Data for processing —
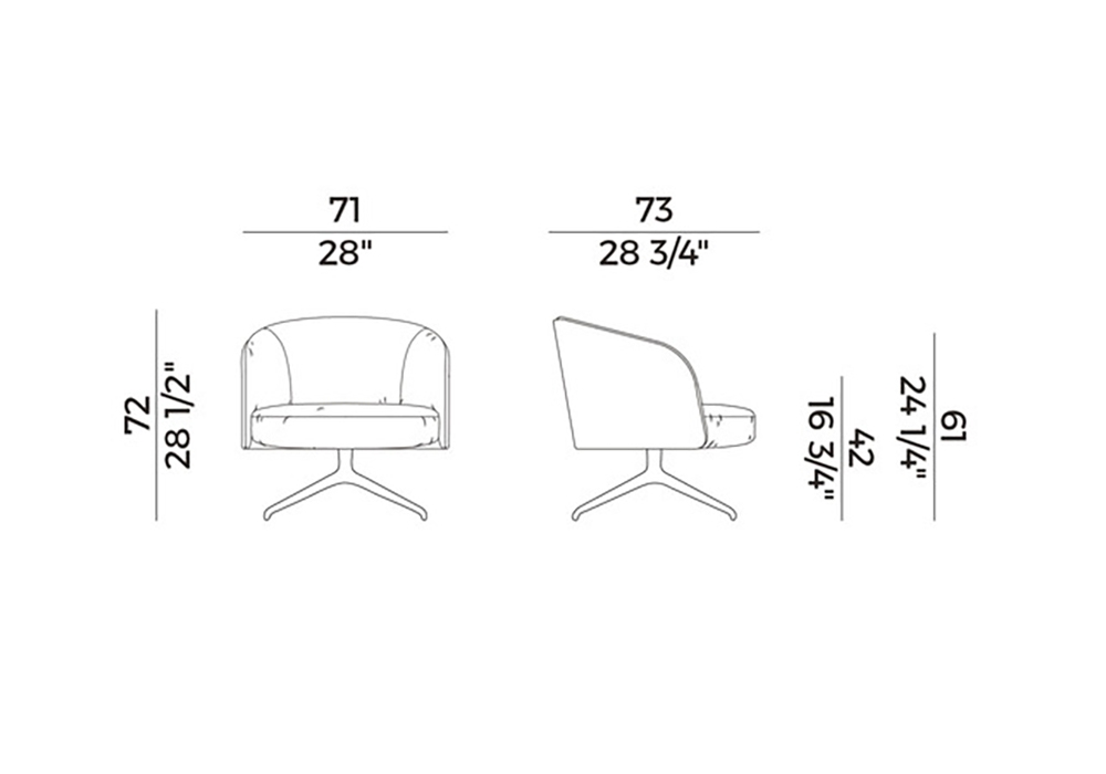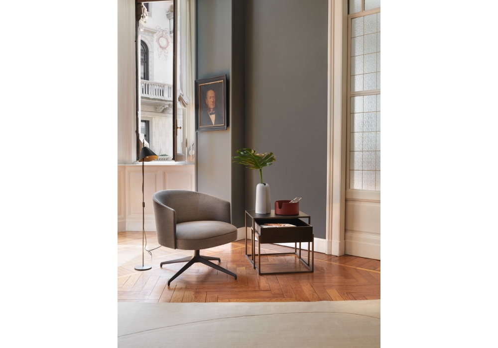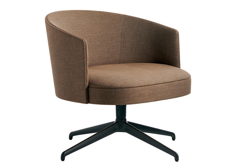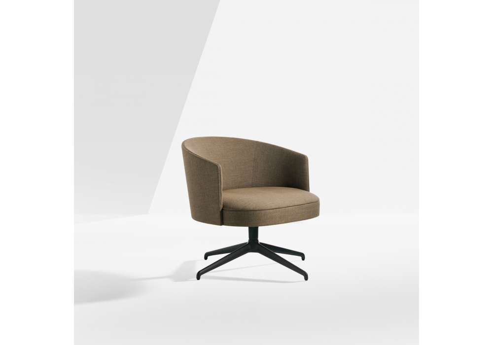 Léna designed by Gabriele and Oscar Buratti for Potocco is an armchair with four-star swivel base in embossed black painted aluminum or embossed anthracite. Seat and back are padded with fire-retardant polyurethane foam and covered in various types of fabric, leather or eco-leather.
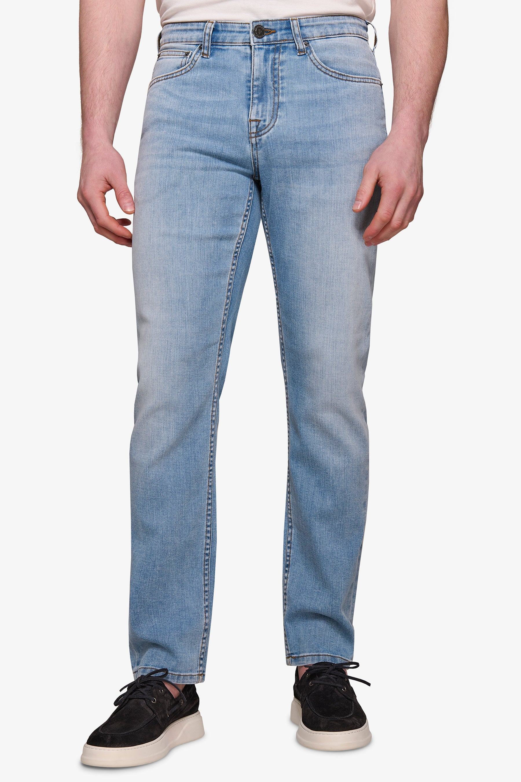 5-pocket denim trousers in stretch cotton. Waistband and yoke with 2-needle stitching.
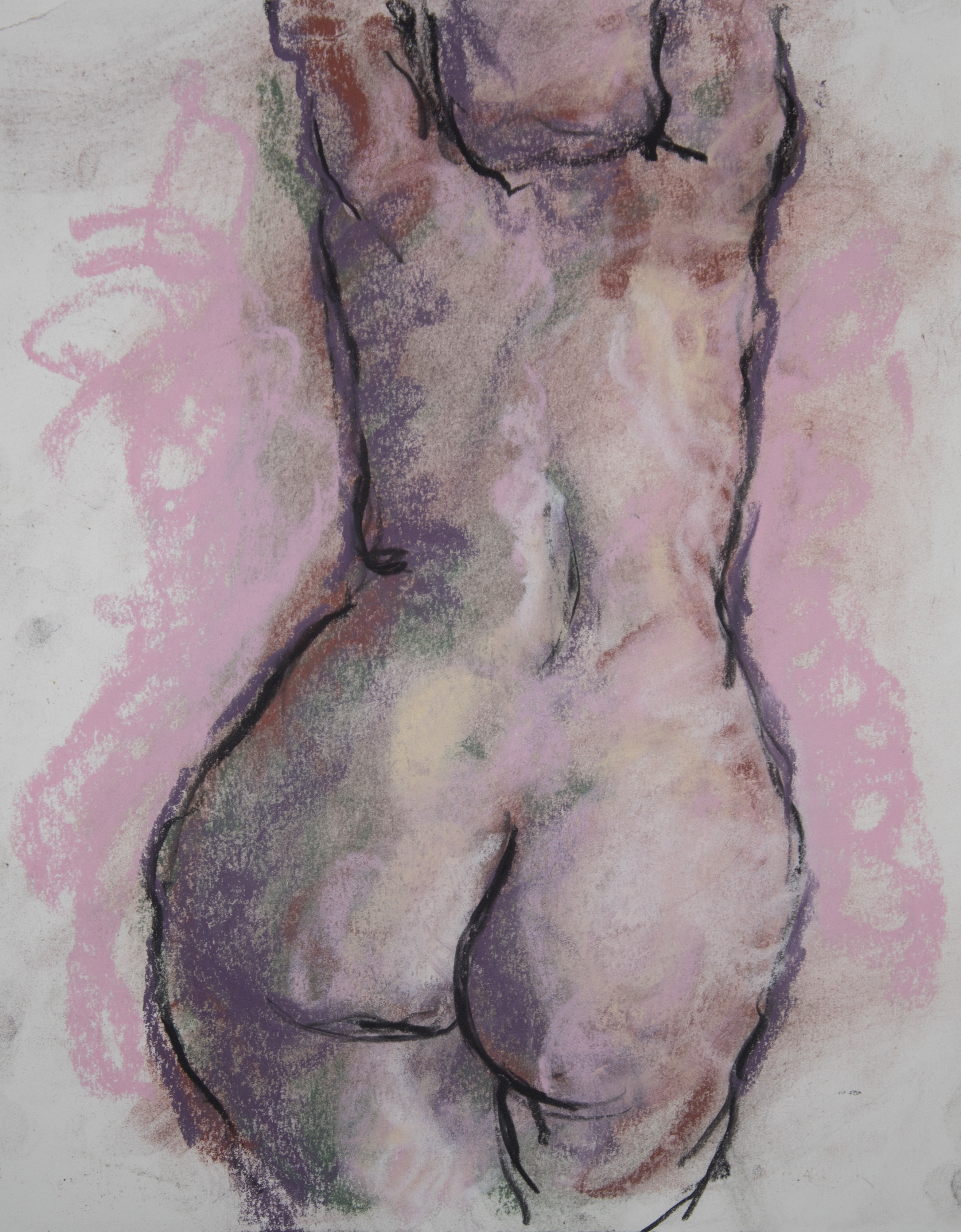Drawing is of nude female done in charcoal and pastel on white drawing paper.
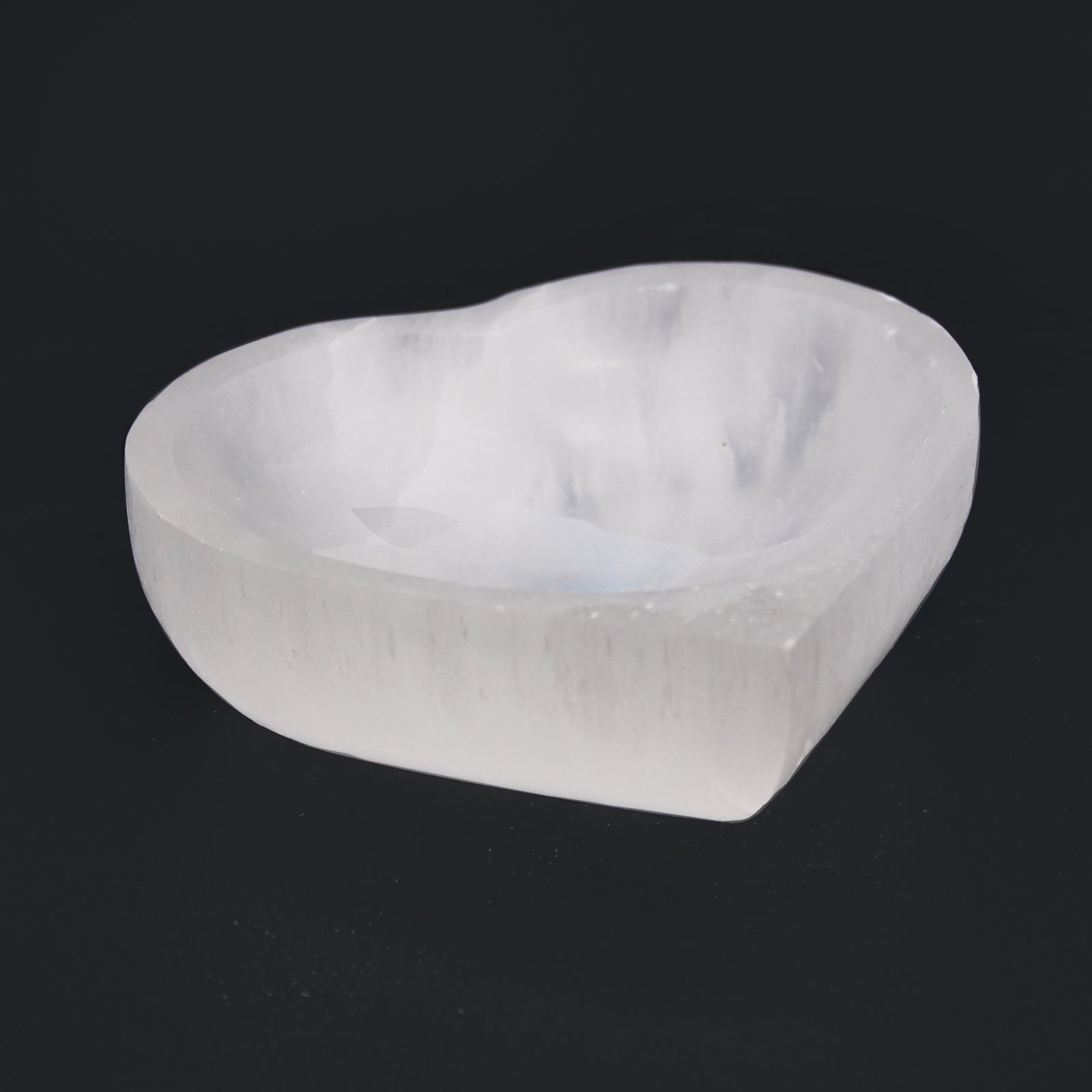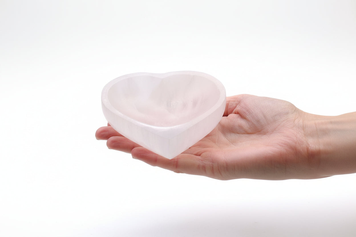 Elegantiškas 10 cm selenito dubenėlis širdies forma – sujungia selenito savybes su meilės ir užuojautos energija. Tobulas pasirinkimas širdies čakros darbui ir emociniam gydymui.
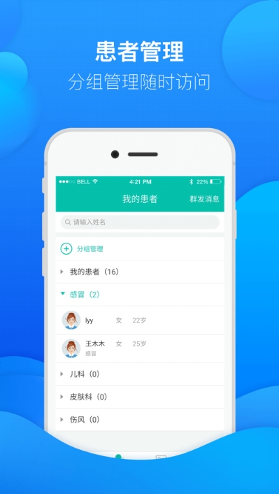 患者管理:根据诊断、病情等多种情况对患者进行个性化分组,随访管理更方便。
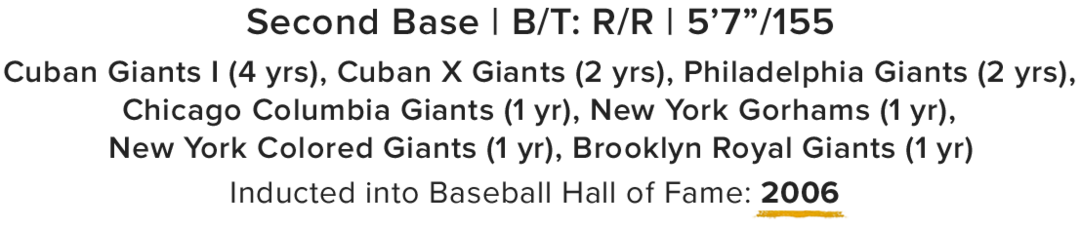 Grant's Hall of Fame plaque reads, in part, “One of baseball’s early stars who became an inspiration for future generations of African American ballplayers. … Segregation eventually forced him to play for top touring Black teams, notably the Cuban Giants, where he served as team captain and often mentored younger players.”
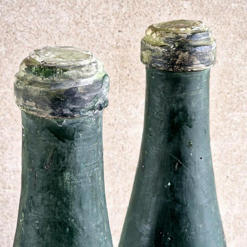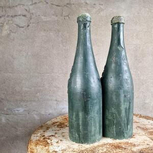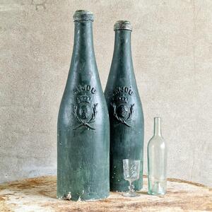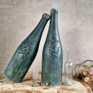 An exceptional set of 2 XL plaster wine bottles of the Anjou wine, publicity bottles made of plaster and fabric, original dark green paint, with typical Anjou embossed label, good condition with some minor cracks and chips, France 1930
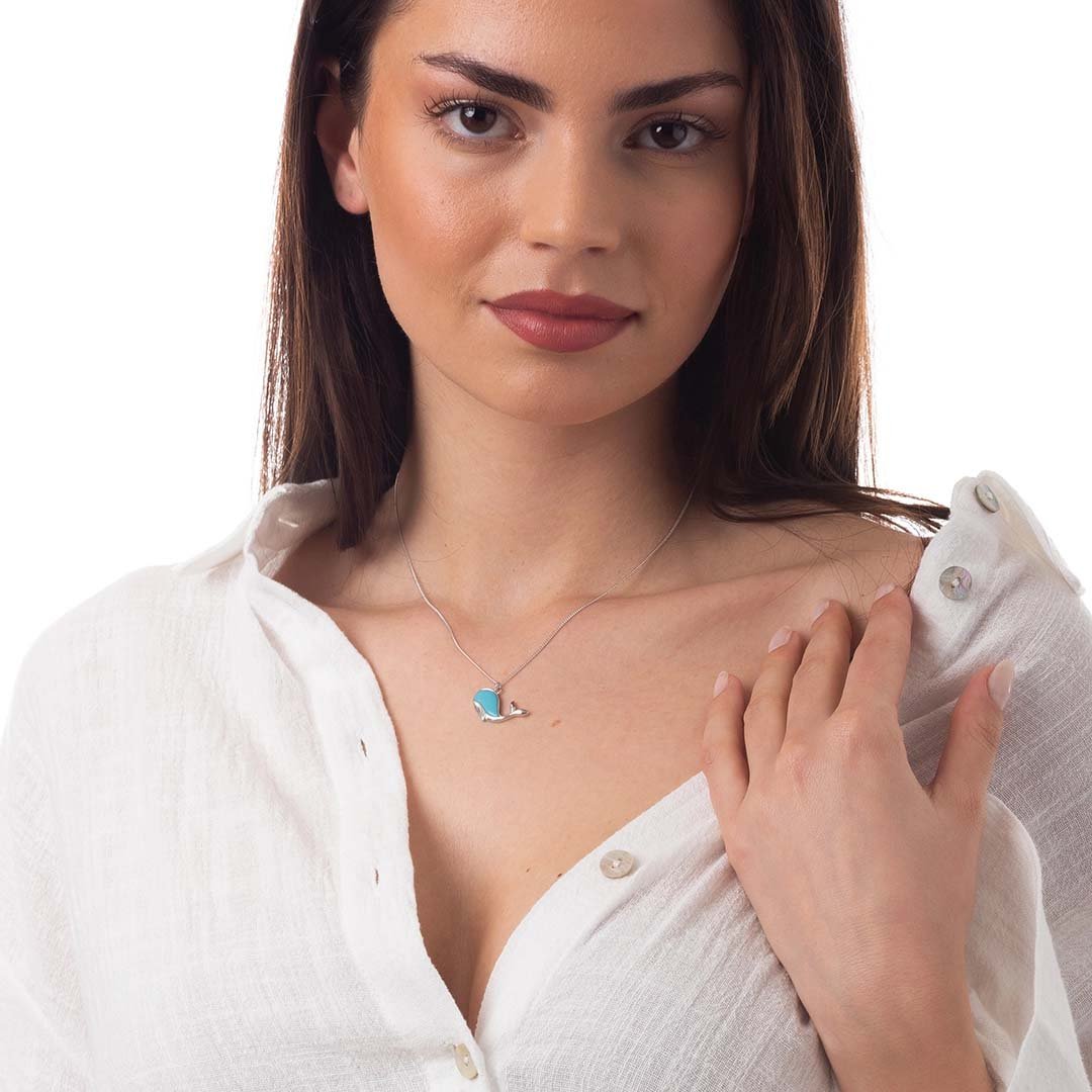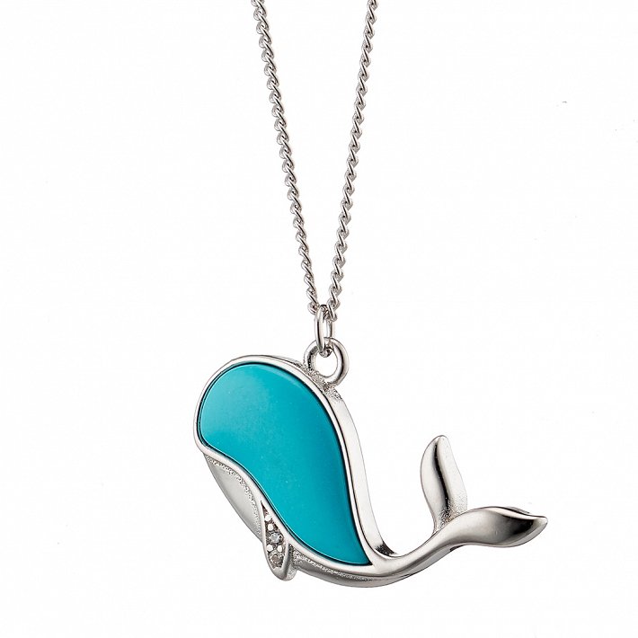 Oxzen κολιέ από ασήμι επιπλατινωμένο φάλαινα με ορυκτή πέτρα
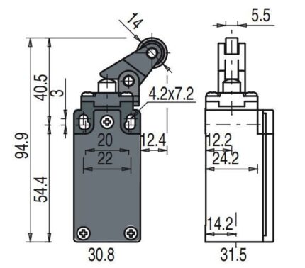 FM 555-T6 road switch; 1NO+1NC; metal body; fast action; roller and lever; -40˚…+80˚C

What you will do — Your answer must be exactly the lines from the one containing "Grant's Hall of" through the last line of the records above, both included, with every picture left out.

Output for this task —
 Grant's Hall of Fame plaque reads, in part, “One of baseball’s early stars who became an inspiration for future generations of African American ballplayers. … Segregation eventually forced him to play for top touring Black teams, notably the Cuban Giants, where he served as team captain and often mentored younger players.”
 An exceptional set of 2 XL plaster wine bottles of the Anjou wine, publicity bottles made of plaster and fabric, original dark green paint, with typical Anjou embossed label, good condition with some minor cracks and chips, France 1930
 Oxzen κολιέ από ασήμι επιπλατινωμένο φάλαινα με ορυκτή πέτρα
 FM 555-T6 road switch; 1NO+1NC; metal body; fast action; roller and lever; -40˚…+80˚C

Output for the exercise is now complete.